This time, you are lucky.
You can use ~93% of the available memory.
But where do those numbers come from?
Every cloud provider has its way of defining limits, but for the CPU, they seem to all agree on the following values:
- 6% of the first core.
- 1% of the next core (up to 2 cores).
- 0.5% of the next 2 cores (up to 4 cores).
- 0.25% of any cores above four cores.
As for the memory limits, this varies a lot between providers.
Azure is the most conservative, and AWS the least.
- 25% of the first 4 GB of memory.
- 20% of the following 4 GB of memory (up to 8 GB).
- 10% of the following 8 GB of memory (up to 16 GB).
- 6% of the next 112 GB of memory (up to 128 GB).
- 2% of any memory above 128 GB.
That's the same for GKE except for one value: the eviction threshold is 100MB in GKE and 750MiB in AKS.
255MiB + (11MiB * MAX_NUMBER OF PODS)
This formula raises a few questions, though.
In the previous example, the m5.large reserved 574MiB of memory.

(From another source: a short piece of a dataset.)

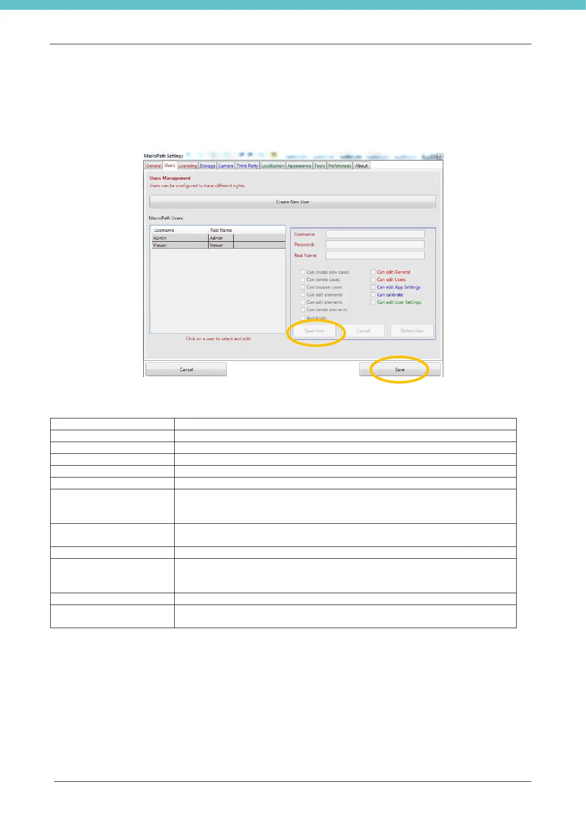 Click Users to create, modify or eliminate a user and/or change user rights.

Does that mean the VM can have at most (574 - 255) / 11 = 29 pods?
This is correct if you don't enable the prefix assignment mode in your VPC-CNI.
If you do, the results are vastly different.
With up to 110 pods, AWS reserves:
- 1.4GiB of memory.
- (still) 70m of CPU.
Which sounds more reasonable and in line with the rest of the cloud providers.
Let's have a look at GKE for a comparison.
With a similar instance type (i.e. n1-standard-2 with 7.5GB memory, 2vCPU), the reservations for the kubelet are as follows:
- 1.7GB of memory.
- 70m of CPU.
In other words, 23% of the instance memory cannot be allocated to run pods.
If the instance costs $48.54 per month, you spend $11.16 to run the kubelet.
What about the other cloud providers?
How do you inspect the values?
We've built a simple tool that inspects the config of the kubelet and pulls the relevant details.
You can find it here: https://github.com/learnk8s/kubernetes-resource-inspector.
If you're interested in exploring more about node sizes, we also built a simple instance calculator where you can define the size of the workloads, and it will show all instances that can fit that (and their price).
I hope you enjoyed this short article on Kubernetes resource reservations; here, you can find more links to explore the subject further.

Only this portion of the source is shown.